Security Now 253: Your Questions, Steve's Answers 94

News & Errata

06:56 - 08:34

  • Mac OS X was updated to version 10.6.4 (Snow Leopard)
  • Mac OS X was updated to version 10.5.8 (Leopard)
  • 23 Security Fixes, Safari 5 and a collection of various bug fixes

08:34 - 11:30

  • Adobe has now fixed the Flash vulnerability discussed last week but will not be fixing Adobe Reader until the end of June
  • Steve has a work around for the vulnerability on his blog

11:31 - 18:28

18:29 - 24:43

  • On Twitter, Alejandro (@microtwit32) says that NoScript v1.9.9.81 has added experimental TabNabbing protection:
  • Type, "about:config" in the address bar
  • Find "noscript.forbidBGRefresh" which has a default value of '1'
  • You can change it to one of these values
  • 0 - noblocking
  • 1 - block refreshes on untrusted unfocused tabs
  • 2 - block refreshes on trusted unfocused tabs
  • 3 - block refreshes on both untrusted and trusted tabs (Steve's Chose)
  • There is one other option "noscript.forbidBGRefresh.exceptions" which defaults to mozilla.org
  • Domains in here override the other setting

24:44 - 31:31

  • People have found another problem with AT&T's iPad auto population system
  • There is a value called the IMSI ID which is meant to be secret
  • The ICC ID was always meant to be public
  • The ICC ID is meant to be used to securely look up the IMSI ID
  • AT&T decided it was a pain to do this and so they made it so you can calculate IMSI ID's from the ICC ID
  • With the IMSI and ICC ID you can do the following:
    • Get there Full Account Name
    • Get there Phone Number
    • Have the Ability to track the phone as it roams around the world
    • Retrieve their voicemail
    • Cellular Traffic Interception
    • Speech and SMS messages Interception
  • Steve notes that this isn't the end of the world though as the iPad is a data only device

31:32 - 39:20

  • Crooks Siphoned $644,000 from a School Districts Bank Account
  • Steve encourages listeners to change the settings on accounts they have to prevent electronic fund transfers

Spinrite Story

39:21 - 44:58 Brad(Unknown)

Spinrite fixes hard drives at his company

Questions & Answers

47:56 - 01:19:40

Comment: [ 01 ]

47:56 - 50:37 Anon (Unknown)
Listeners Comment: The listener is a car systems expert and says that manufactures do consider security when designing cars

Steve's Comment: This is good but security is too hard to do so there will still be problems

Question: [ 02 ]

50:38 - 56:15 John Hughan (Austin, Texas)
Question: How does having microcode make engineers' jobs easier in terms of the number of AND and OR gates required to implement complex instructions?
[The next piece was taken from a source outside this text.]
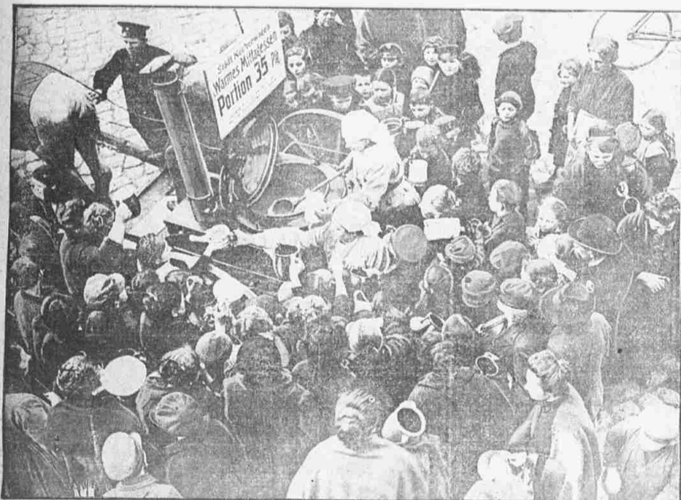
BERLIN FEEDS ITS POOR LARGELY WITH THE MUNICIPAL COOK WAGON These traveling food purveyors are playing a prominent part in coping with the food shortage. A fairly substantial meal is sold for thirty-five pfennigs, about ten cents in American money.

Why is it not the case that having a "computer within a computer" just meant that those AND and OR gates had to be implemented in the microcode area in order to run those instructions and manage the "main" area? Or if microcode allows those types of instructions to be executed in a fundamentally different way that doesn't require those AND and OR gates, why can't the rest of the instruction set be implemented that way?

Answer: It is easier to implement in a lookup table than wire up lots of logic gates. By doing a big job in steps you don't have to do it all at once and you can do it in smaller simpler steps

Comment: [ 03 ]

56:17 - 58:10 Simon (Canada)
Listeners Comment: I saw doctors watching the world cup on a computer running flash player in a operating room

Steve's Comment: This is not surprising unfortunately

Question: [ 04 ]

58:11 - 01:01:00 James Truesdale (Saint Louis MO)
Question: Instead of adding instructions, why not just use macros for commonly used operations?

Answer: Back then memory was very expensive and it would have taken a lot of time for the macro to run.

Question: [ 05 ]

01:01:01 - 01:03:50 Haystacks Calhoun (New York City)
Question: Is it true that Googles SSL search is not secure if you're using a computer with a web cache doing a man in the middle attacks on these searches, such as at work?

Answer: Yes

Question: [ 06 ]

01:06:27 - 01:11:17 Jeff Dunn (Riley Township, MI)
Question: How do you recover the data (file system level) on a drive if the TPM/motherboard fails ???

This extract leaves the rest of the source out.